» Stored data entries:
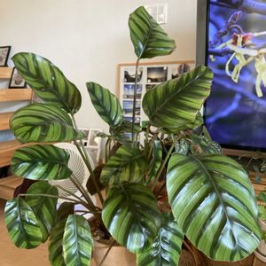カラテア・オルビフォリア 去年植え替えてから一段と大きくなってます。 ちょっと根詰まりの兆候があるので近く植え替え予定。 写真2枚目が去年の植え替え直後。
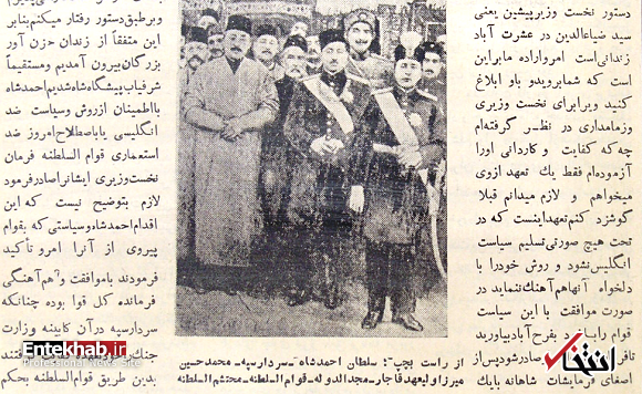 بعد از زمامداری صد روزهی سید ضیاءالدین، روزی طرف عصر سردار سپه [رضاخان] که در آن موقع فرماندهی کل قوا بود در فرحآباد به ملاقات احمدشاه آمد و مدتی دور از ما با هم صحبت کردند. پس از بازگشت سردارسپه احمدشاه مرا احضار کرده فرمودند: «شهابالدوله! چنانکه میدانید قوامالسلطنه بنا بر دستور نخستوزیر پیشین یعنی سید ضیاءالدین در عشرتآباد زندانی است، امر و ارادهی ما بر این است که شما بروید و به او ابلاغ کنید وی را برای نخستوزیری و زمامداری در نظر گرفتهام چه که کفایت و کاردانی او را آزمودهام فقط یک تعهد از وی میخواهم و لازم میدانم قبلا گوشزد کنم؛ تعهد این است که در تحت هیچ صورتی تسلیم سیاست انگلیس نشود و روش خود را با دلخواه آنها همآهنگ ننماید در صورت موافقت با این سیاست قوام را با خود به فرحآباد بیاورید تا فرمان زمامداری او صادر شود.»
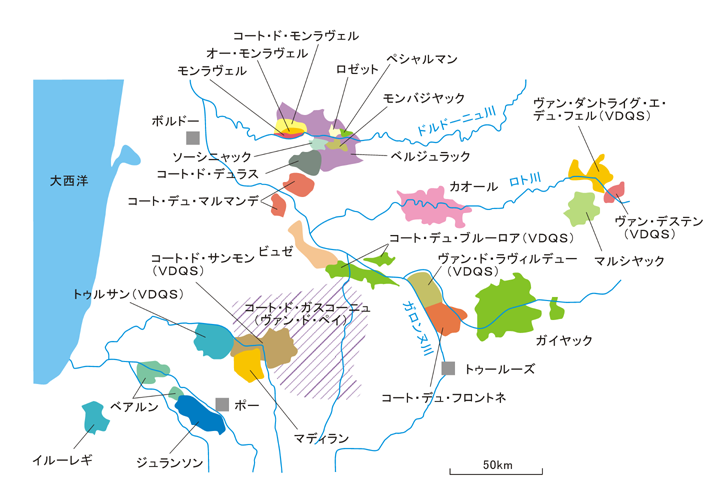 VDQSワインの産地はロト川上流のヴァン・ダントライグ・エ・デュ・フェル,ヴァン・デステン,ガロンヌ川流域のコート・デュ・ブルーロア,ヴァン・デュ・ラヴィルデュー,ポー市北方コート・ド・サンモン,トゥルサンがあります.ガロンヌ川西側一帯ではアルマニャックブランデーが造られていますが,ここではヴァン・ド・ペイのコート・ド・ガスコーニュの生産が増えてきています.
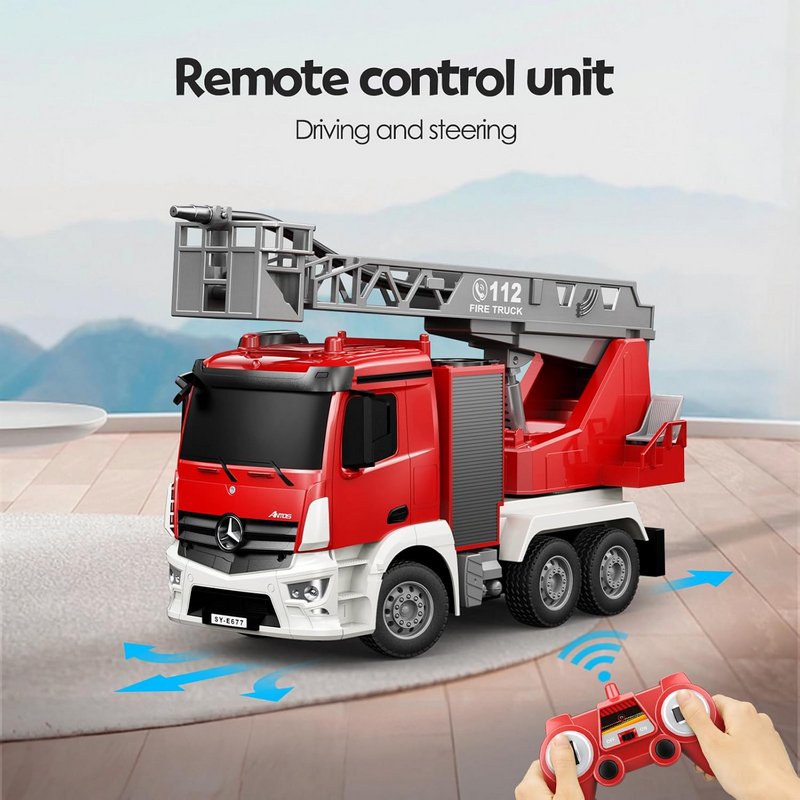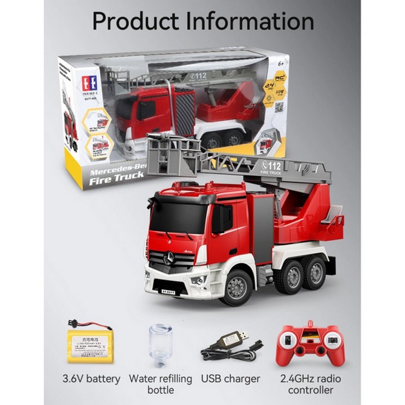 Радиоуправляемая машина Double Eagle Пожарная машина Mercedes Benz Antos в масштабе 1/26. Поворот стрелы 360°, вода.
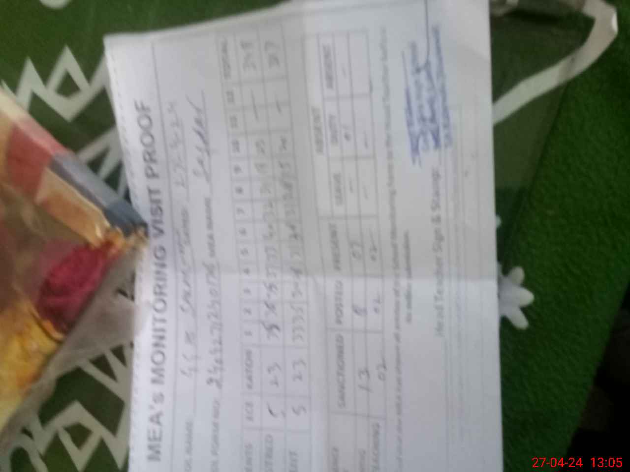 | Monitoring Date: 27-04-2024 | Start Time: 27-04-2024 12:23 PM | End Time: 27-04-2024 01:16 PM | Name of MEA: MU**** SA**** HU**** | |
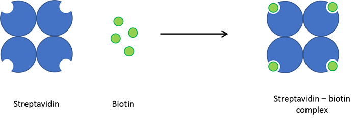 這對(duì)具有高親和力的蛋白常被偶聯(lián)到抗體或蛋白,其中biotin常被偶聯(lián)到抗體或配體,streptavidin偶聯(lián)標(biāo)記物如熒光素、HRP或AP、NanoGold等,如此通過Biotin—Streptavidin橋連來可實(shí)現(xiàn)間接檢測(cè)靶標(biāo)。

» WORK INSTRUCTION:
Line by line, restate the data above exactly as it stands, minus the pictures.

» RESULT OF THIS EXERCISE:
カラテア・オルビフォリア 去年植え替えてから一段と大きくなってます。 ちょっと根詰まりの兆候があるので近く植え替え予定。 写真2枚目が去年の植え替え直後。
 بعد از زمامداری صد روزهی سید ضیاءالدین، روزی طرف عصر سردار سپه [رضاخان] که در آن موقع فرماندهی کل قوا بود در فرحآباد به ملاقات احمدشاه آمد و مدتی دور از ما با هم صحبت کردند. پس از بازگشت سردارسپه احمدشاه مرا احضار کرده فرمودند: «شهابالدوله! چنانکه میدانید قوامالسلطنه بنا بر دستور نخستوزیر پیشین یعنی سید ضیاءالدین در عشرتآباد زندانی است، امر و ارادهی ما بر این است که شما بروید و به او ابلاغ کنید وی را برای نخستوزیری و زمامداری در نظر گرفتهام چه که کفایت و کاردانی او را آزمودهام فقط یک تعهد از وی میخواهم و لازم میدانم قبلا گوشزد کنم؛ تعهد این است که در تحت هیچ صورتی تسلیم سیاست انگلیس نشود و روش خود را با دلخواه آنها همآهنگ ننماید در صورت موافقت با این سیاست قوام را با خود به فرحآباد بیاورید تا فرمان زمامداری او صادر شود.»
 VDQSワインの産地はロト川上流のヴァン・ダントライグ・エ・デュ・フェル,ヴァン・デステン,ガロンヌ川流域のコート・デュ・ブルーロア,ヴァン・デュ・ラヴィルデュー,ポー市北方コート・ド・サンモン,トゥルサンがあります.ガロンヌ川西側一帯ではアルマニャックブランデーが造られていますが,ここではヴァン・ド・ペイのコート・ド・ガスコーニュの生産が増えてきています.
 Радиоуправляемая машина Double Eagle Пожарная машина Mercedes Benz Antos в масштабе 1/26. Поворот стрелы 360°, вода.
 | Monitoring Date: 27-04-2024 | Start Time: 27-04-2024 12:23 PM | End Time: 27-04-2024 01:16 PM | Name of MEA: MU**** SA**** HU**** | |
 這對(duì)具有高親和力的蛋白常被偶聯(lián)到抗體或蛋白,其中biotin常被偶聯(lián)到抗體或配體,streptavidin偶聯(lián)標(biāo)記物如熒光素、HRP或AP、NanoGold等,如此通過Biotin—Streptavidin橋連來可實(shí)現(xiàn)間接檢測(cè)靶標(biāo)。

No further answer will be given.